College Park Patch: The Lies We Tell Our Children

This article was originally published on the College Park Patch as part of the weekly column by Gretchen Schock, Parenting on a Tightrope

I was dreading the moment when my son, L, would declare that he felt a loose tooth in his mouth.  I’ve heard horror stories from other parents, who have a child on the Autism Spectrum, about this stage of life. Something as simple as a loose tooth can force a child on the spectrum to not eat for days because they don’t like the unfamiliar feeling of the loose tooth in their mouth or suddenly having anxiety about sleeping for fear of swallowing the tooth. 
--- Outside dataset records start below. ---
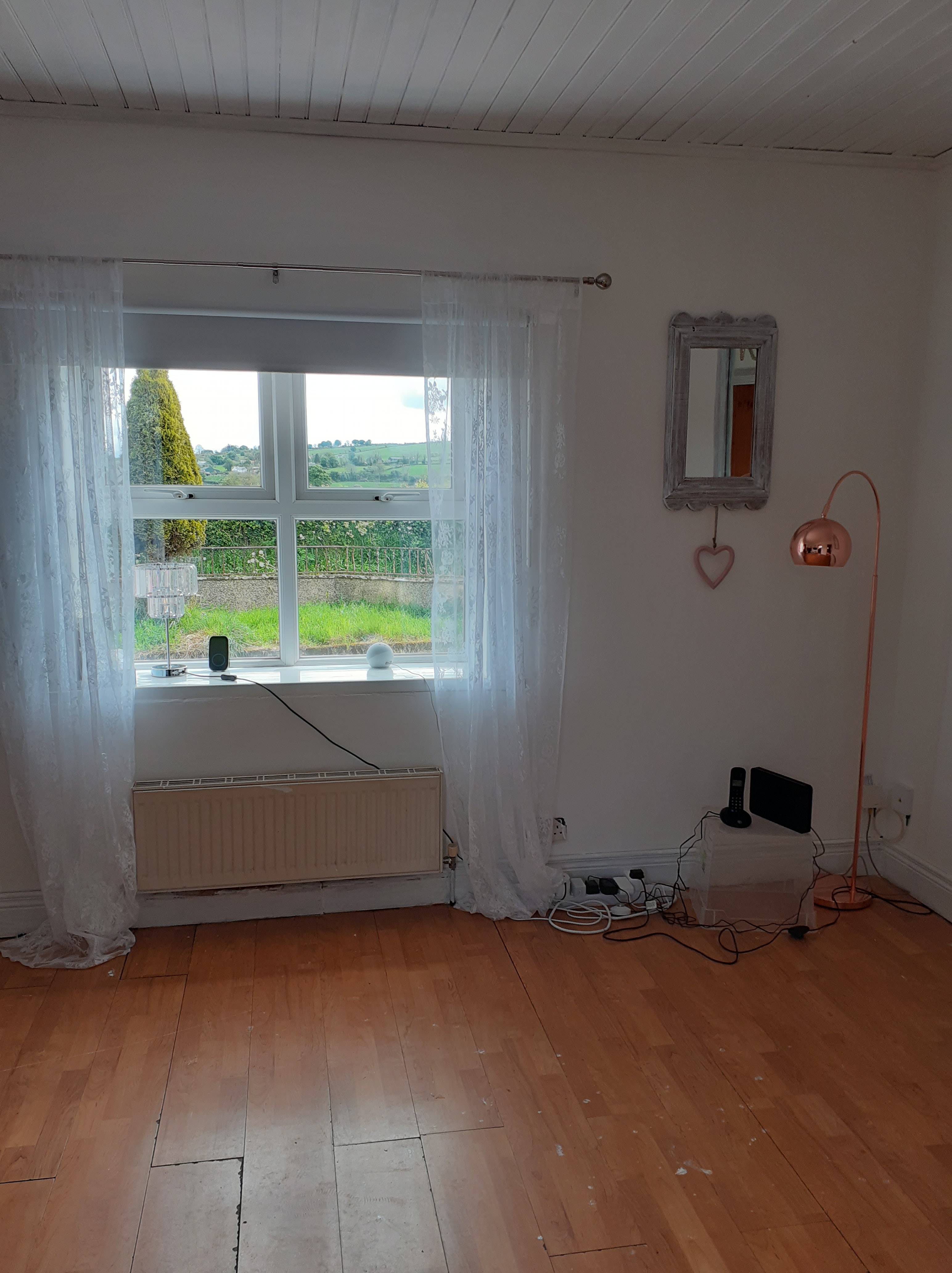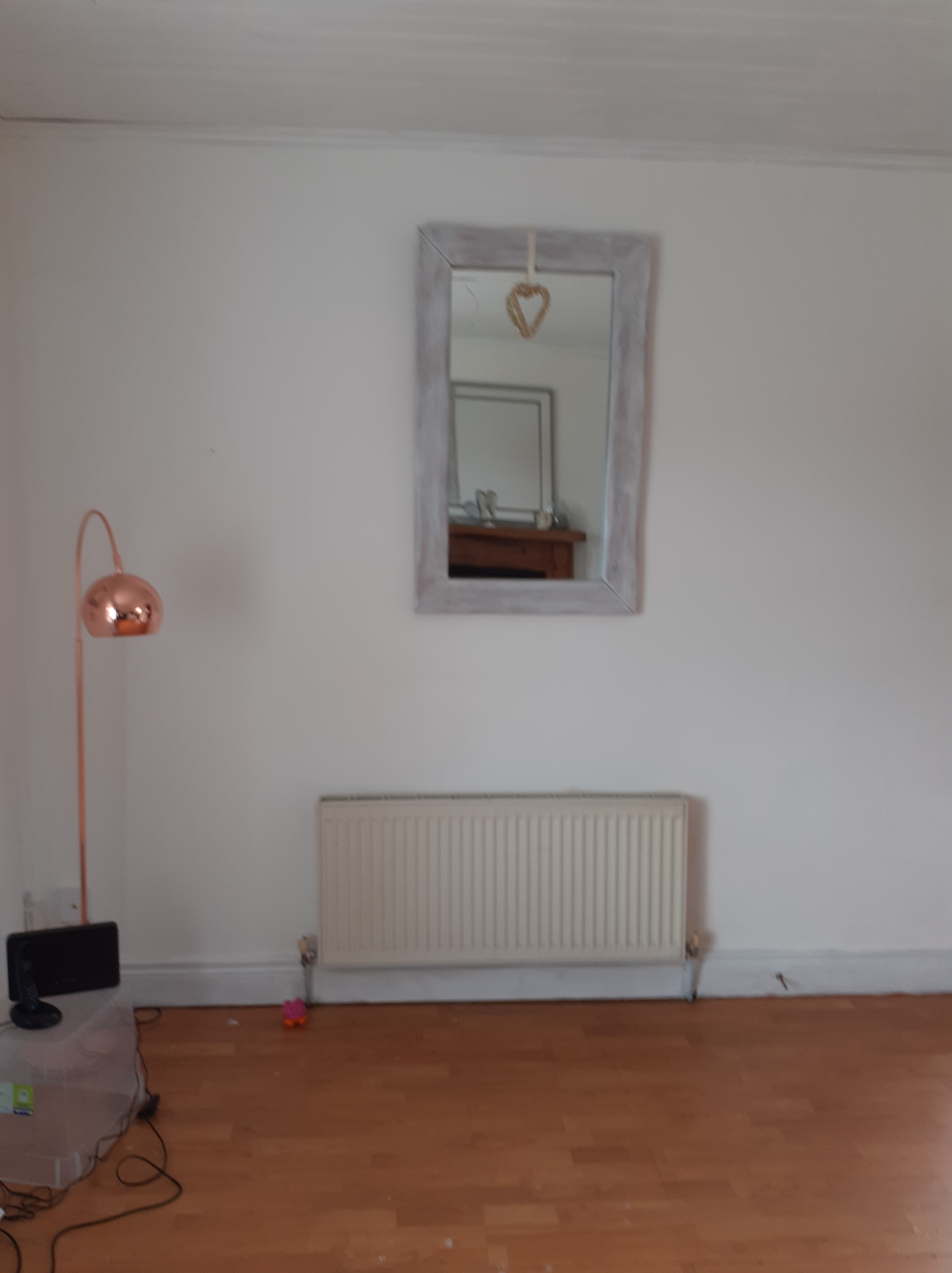 The mirror above the fireplace is new, but the wooden mirrors were left here and I gave them a new lease of life whitewashing them and adding some pretty cheap hearts that we found. I miss my stars, that are currently still trapped in France (more of that to come.) I do believe that a star is for life and not just for Christmas. Its funny the small things you miss.
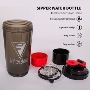 Fitaari Premium Shaker Bottle WIth Whey And Pill Container
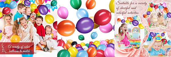 Oavsett om det är en födelsedagsfest, bröllop, firande eller något annat tillfälle, genom att para ballonger i samma färg eller andra färger, kan du skapa den eleganta atmosfären du önskar. De kommer att vara de perfekta utsmyckningarna för årsdagar, Halloween, Baby Welcome -fester, julfester eller något annat evenemang. Länkballonger är alla idealiska val för att skapa en unik atmosfär och väcka uppmärksamhet.
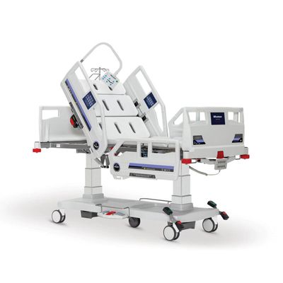 The CURA 5000 is an advanced electric hospital bed designed for intensive care units, featuring a robust column motor construction powered by four, with an optional fifth motor to enhance patient safety, comfort, and hygiene during hospital stays. It adjusts height using high load capacity telescopic columns and supports efficient lateral mobilization with a 5th motor for lateral tilts. Equipped for enhanced patient care, its plastic mattress platform is designed with ventilation channels to improve airflow and comfort, made from recyclable and sanitizable materials like PP with silver nanoparticles. For diagnostics, the bed is X-ray ready, featuring a backrest adapted for X-ray cassette insertion. Safety features include antimicrobial side rails with integrated urine bag holders, ensuring patient safety and caregiver accessibility. With user-friendly control panels including touchscreen and remote options, and additional safety features like an auto-regression system and emergency CPR functionality, the CURA 5000 prioritizes both patient and healthcare staff needs.
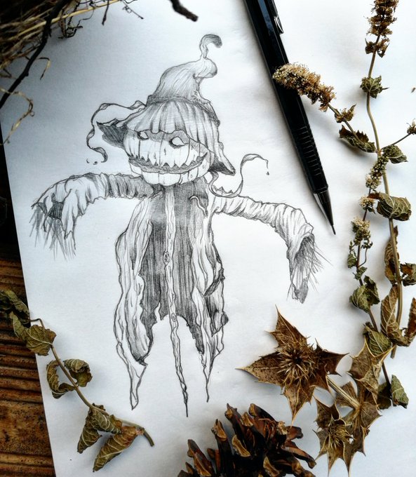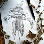 Inktober Jour 4 Épouvantail / Scarecrow . . . . . #inktober #moonchildinktober #illustration #darkart #witchcraft #autumn #scarecrow #pumpkin #jackolantern #hat #wood #puppet #crow #scary #horror
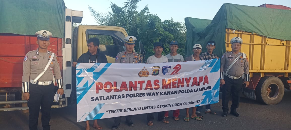 Blambangan Umpu, Radar Way Kansn.Com,- Dalam rangka mendukung Operasi Patuh Krakatau 2025 Satlantas Polres Way Kanan menggencarkan edukasi tertib berlalu lintas kepada para pengemudi lewat program Polantas Menyapa yang bertempat di depan Mako Polres Way Kanan. Senin (21/07/2025).
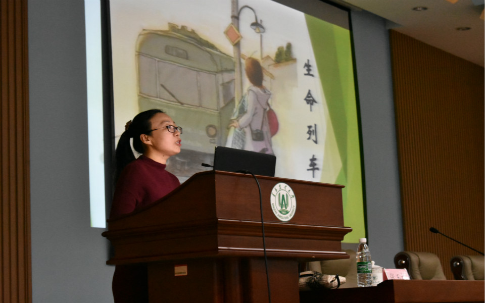 首先,刘翔宇对张玉梅书记做了介绍,并代表全院新生欢迎张书记的到来。随后张玉梅以“年长的师姐”自称,通过自身的求学和生活经历引出自己对生命、学习、生活和求职的感悟。张书记为在座的师生播放了视频《人生的列车》,在视频中将人生比作一辆列车,在漫长的人生旅途中会经历相聚和离别,体会失意和感伤,使人深刻地理解了人生的丰富和生活的意义。“我们为什么活着”,张玉梅书记说,“人从起源、进化到发展,不断创新与进步,每个人都拥有无法替代的重要意义。”每位同学都带着这个问题,进行了深刻地思考。针对如今大学生普遍存在的书写减少,阅读粗糙,沉迷游戏等退行问题,张书记指出,生命的意义在于传承、优化、存在,好好活着就是做很多有意义的事情,而不能浪费时间和生命。她为大家分享了众多名人事迹、真实案例,在场的同学无不动容,这些事例很好地为同学们树立了崇高的榜样。

The moment came, as I knew it would: the first loose tooth.  He didn’t seem fazed by it, which really surprised me.  We had been reading the book, The Berenstain Bears Visit the Dentist for weeks because in it Sister bear has a loose tooth and I thought it would help him feel prepared.  As if he’s been saving them up, the floodgate of questions opened. “Why do our teeth fall out?”, “Will it be bloody?”, “Will my new adult teeth fit in my mouth?”, “When will it happen?”, “Will I swallow it?”, “If I swallow it, what will happen to the tooth then?”
I did what I know works for my son in order for him to not have anxiety about something; I put the knowledge in his hands. I filled our bookshelf with an arsenal of information from the library on tooth anatomy - he needs these questions answered correctly and given to him with scientific proof. 
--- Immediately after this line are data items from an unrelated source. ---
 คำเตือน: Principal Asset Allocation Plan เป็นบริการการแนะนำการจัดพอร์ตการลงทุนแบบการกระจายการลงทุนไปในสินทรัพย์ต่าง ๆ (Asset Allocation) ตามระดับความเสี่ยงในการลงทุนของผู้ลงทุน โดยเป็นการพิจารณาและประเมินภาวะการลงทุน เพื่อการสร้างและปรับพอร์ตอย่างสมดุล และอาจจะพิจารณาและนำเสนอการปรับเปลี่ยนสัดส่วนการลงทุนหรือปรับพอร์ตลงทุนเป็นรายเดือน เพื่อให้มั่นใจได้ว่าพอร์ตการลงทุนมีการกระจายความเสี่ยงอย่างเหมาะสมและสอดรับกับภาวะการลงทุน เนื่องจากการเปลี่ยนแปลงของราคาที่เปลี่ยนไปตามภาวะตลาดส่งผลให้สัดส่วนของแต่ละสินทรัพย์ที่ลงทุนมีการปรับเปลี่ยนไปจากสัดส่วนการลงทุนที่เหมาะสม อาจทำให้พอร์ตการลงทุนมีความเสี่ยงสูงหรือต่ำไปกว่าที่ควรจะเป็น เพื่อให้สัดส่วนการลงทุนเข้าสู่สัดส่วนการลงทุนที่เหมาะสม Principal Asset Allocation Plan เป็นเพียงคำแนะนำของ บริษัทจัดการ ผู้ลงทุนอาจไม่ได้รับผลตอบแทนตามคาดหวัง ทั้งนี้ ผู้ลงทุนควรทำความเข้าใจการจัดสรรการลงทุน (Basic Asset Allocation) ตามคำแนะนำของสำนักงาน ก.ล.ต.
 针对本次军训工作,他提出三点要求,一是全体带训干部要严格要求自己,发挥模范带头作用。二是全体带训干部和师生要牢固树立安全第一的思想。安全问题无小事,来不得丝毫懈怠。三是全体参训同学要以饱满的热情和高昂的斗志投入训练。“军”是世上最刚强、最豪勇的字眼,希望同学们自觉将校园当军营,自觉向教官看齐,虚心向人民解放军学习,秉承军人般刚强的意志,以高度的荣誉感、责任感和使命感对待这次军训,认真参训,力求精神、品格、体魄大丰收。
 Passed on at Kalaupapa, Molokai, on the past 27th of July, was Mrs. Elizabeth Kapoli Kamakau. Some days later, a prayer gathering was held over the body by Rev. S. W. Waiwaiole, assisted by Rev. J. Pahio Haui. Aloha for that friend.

In the back of my mind was the issue surrounding the “tooth fairy.” How I was going to handle that?  See, L doesn’t lie.  He doesn’t understand the concept of it.  Life to him is very black and white with no gray area at all.  And when someone doesn’t tell him the truth he loses trust in them.  There have only been a handful of times when I’ve felt like this “no lying” thing smacks me in the face.   
Right before Christmas we began a new family tradition, Elf on a Shelf.  The idea of the Elf on a Shelf is that the Elf watches the kids during the day and at night flies back to the North Pole and reports to Santa on the status of the children’s behavior.  Every day the boys woke up and went looking for Happy, our elf, to find his new hiding place.  Since Happy came into our lives, L has a new anxiety of stuffed animals watching him. Big oops!  He has to turn all the stuffed animals around so that they don’t watch him in his room while he plays.    
Part of me wants to be honest with L about Santa, the tooth fairy, the Easter bunny and the other part of me wants to enjoy the magic that those make believe figures brings to childhood.  I love the idea of believing in something as simple as the tooth fairy and the land of make believe when we live in a world that is filled with negative images.  I grew up believing in them and at some point a friend leaked the truth about finding the presents marked from Santa under their parent’s bed, or recognizing that the tooth fairy’s handwriting was very similar to my mom’s. 
I know that L needs the truth but my younger son, who isn’t on the spectrum, very much enjoys believing in these make believe characters. Finding the balance is an extremely hard line to walk on. I’ve already started the Santa lie but here is my chance to tell the truth about the tooth fairy. He’s lost 2 teeth and I still haven’t addressed this tooth fairy issue.  Nothing has been left under his pillow, no money or candy or toothbrushes. He simply has lost teeth and that has been exciting enough. I know at some point a very well intentioned person is going to ask L, “What did the tooth fairy leave for you?” 
How would you handle the balance of telling the truth to one son while allowing the other son to believe in the lies?  Parents who have children with a large span of years between them: are you in a similar situation? Have you had to fess up and tell the truth?